Aim of the exercise: In the records below, repeat word for word only the lines starting at the one that contains "Finike Kanalizasyon Sebeke" and ending at the one that contains "These cute 2026", pictures excluded.

Raw data:
━━━━━━━━━━━━━━━━━━━━

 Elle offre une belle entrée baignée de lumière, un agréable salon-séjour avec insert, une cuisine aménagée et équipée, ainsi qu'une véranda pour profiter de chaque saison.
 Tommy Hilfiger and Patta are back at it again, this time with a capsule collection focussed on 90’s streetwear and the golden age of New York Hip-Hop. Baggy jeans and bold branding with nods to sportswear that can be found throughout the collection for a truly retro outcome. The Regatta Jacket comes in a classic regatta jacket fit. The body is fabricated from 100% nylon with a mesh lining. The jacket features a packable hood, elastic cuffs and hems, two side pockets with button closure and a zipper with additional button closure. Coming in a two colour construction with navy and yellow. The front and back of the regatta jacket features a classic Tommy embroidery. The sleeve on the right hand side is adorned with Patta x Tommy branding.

━━━━━━━━━━━━━━━━━━━━

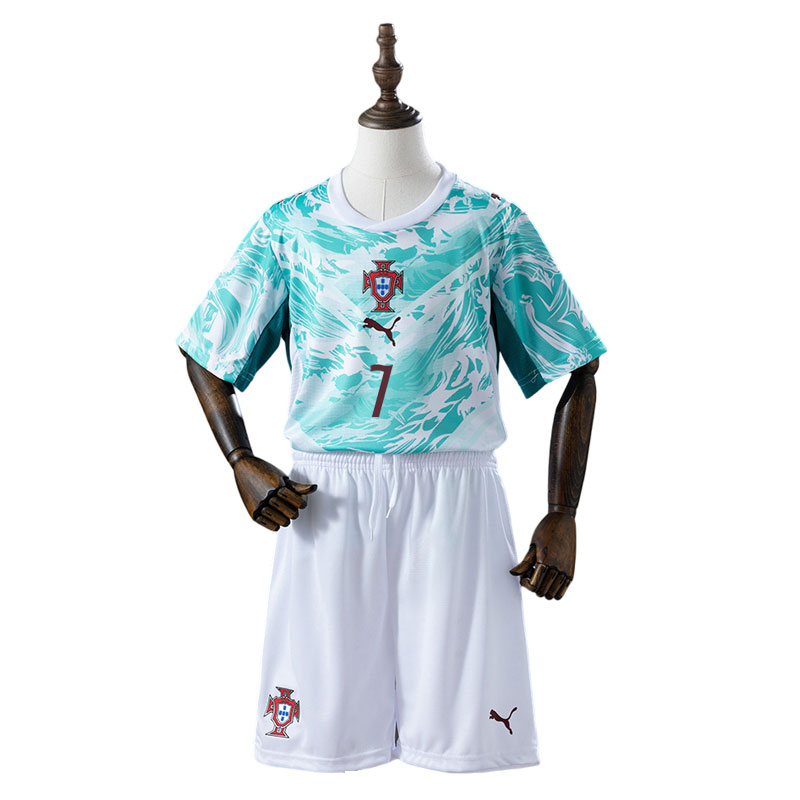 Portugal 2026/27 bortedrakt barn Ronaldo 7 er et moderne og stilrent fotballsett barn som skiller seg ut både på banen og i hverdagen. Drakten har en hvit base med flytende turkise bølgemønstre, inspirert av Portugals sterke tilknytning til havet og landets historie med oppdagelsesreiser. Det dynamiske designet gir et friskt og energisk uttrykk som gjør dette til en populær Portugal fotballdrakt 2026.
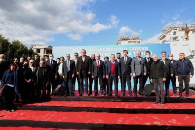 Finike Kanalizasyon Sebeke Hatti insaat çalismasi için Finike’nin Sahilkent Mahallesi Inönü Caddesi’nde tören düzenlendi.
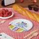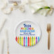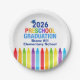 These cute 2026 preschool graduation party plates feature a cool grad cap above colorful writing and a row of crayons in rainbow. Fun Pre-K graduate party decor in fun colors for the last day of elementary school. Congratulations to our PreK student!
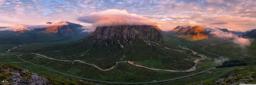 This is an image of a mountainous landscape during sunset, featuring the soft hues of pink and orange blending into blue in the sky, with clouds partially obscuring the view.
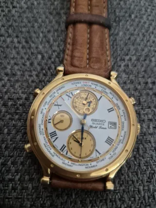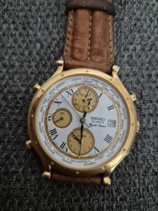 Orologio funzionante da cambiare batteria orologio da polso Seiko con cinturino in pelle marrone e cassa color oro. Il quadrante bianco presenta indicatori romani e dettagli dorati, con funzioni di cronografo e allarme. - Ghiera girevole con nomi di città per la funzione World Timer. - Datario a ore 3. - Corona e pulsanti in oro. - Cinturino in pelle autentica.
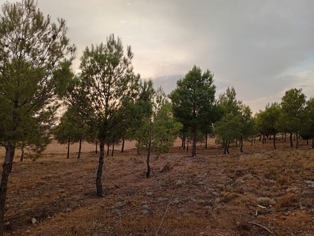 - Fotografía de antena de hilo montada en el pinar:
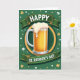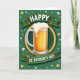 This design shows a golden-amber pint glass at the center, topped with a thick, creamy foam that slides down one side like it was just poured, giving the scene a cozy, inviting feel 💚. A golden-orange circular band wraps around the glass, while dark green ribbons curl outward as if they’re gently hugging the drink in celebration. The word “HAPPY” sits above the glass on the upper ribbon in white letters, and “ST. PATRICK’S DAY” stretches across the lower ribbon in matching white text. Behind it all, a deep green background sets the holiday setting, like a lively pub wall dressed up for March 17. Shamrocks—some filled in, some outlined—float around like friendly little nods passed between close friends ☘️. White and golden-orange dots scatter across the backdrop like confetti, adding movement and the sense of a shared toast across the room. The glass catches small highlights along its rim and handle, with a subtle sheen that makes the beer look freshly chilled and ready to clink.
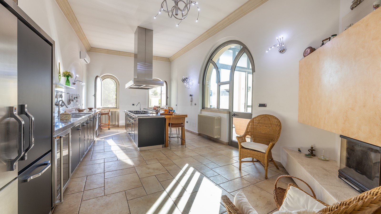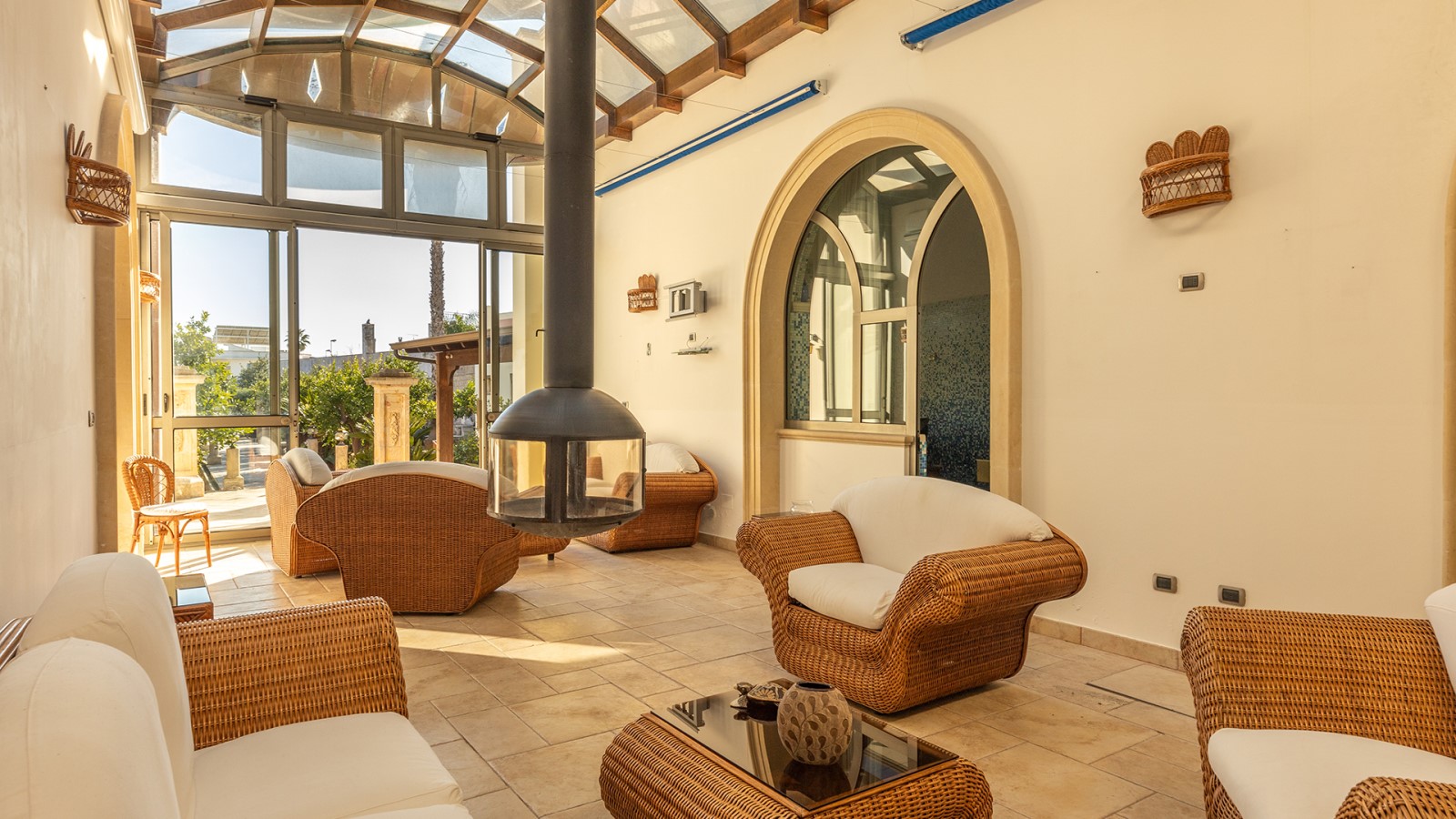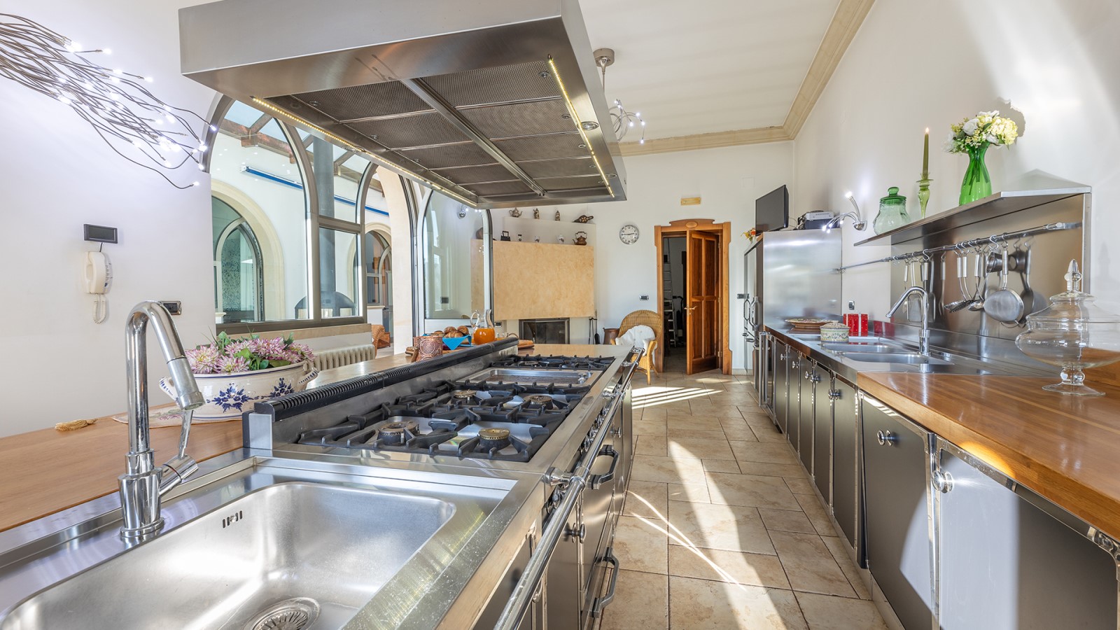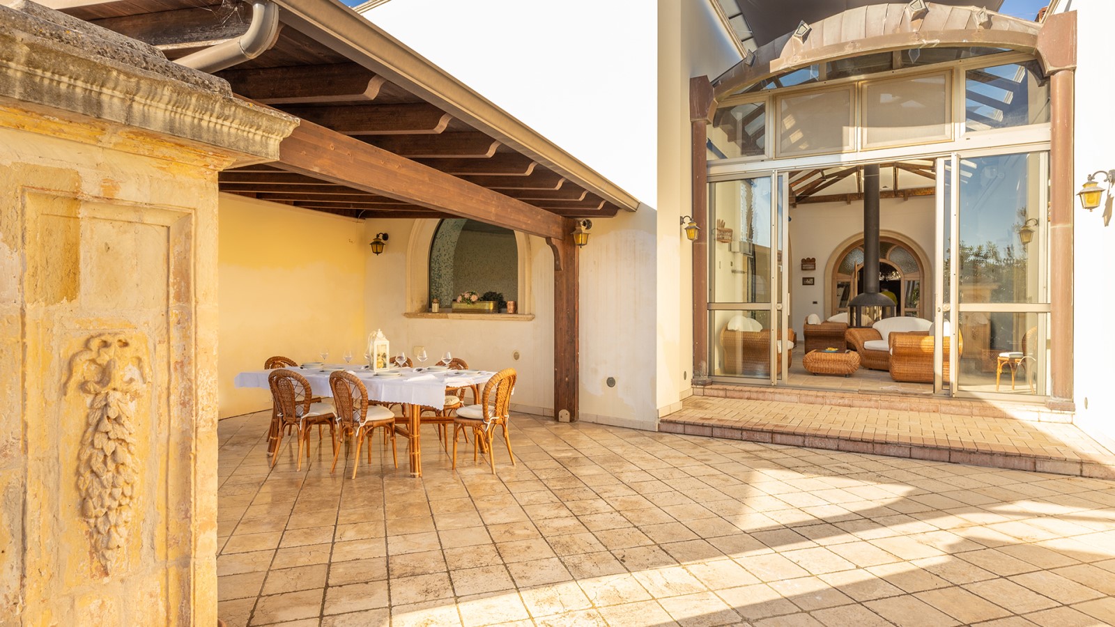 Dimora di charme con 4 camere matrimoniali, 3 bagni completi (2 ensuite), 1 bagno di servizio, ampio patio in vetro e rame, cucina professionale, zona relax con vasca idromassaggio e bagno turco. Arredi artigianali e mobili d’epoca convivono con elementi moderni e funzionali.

━━━━━━━━━━━━━━━━━━━━

Response to this exercise:
 Finike Kanalizasyon Sebeke Hatti insaat çalismasi için Finike’nin Sahilkent Mahallesi Inönü Caddesi’nde tören düzenlendi.
 These cute 2026 preschool graduation party plates feature a cool grad cap above colorful writing and a row of crayons in rainbow. Fun Pre-K graduate party decor in fun colors for the last day of elementary school. Congratulations to our PreK student!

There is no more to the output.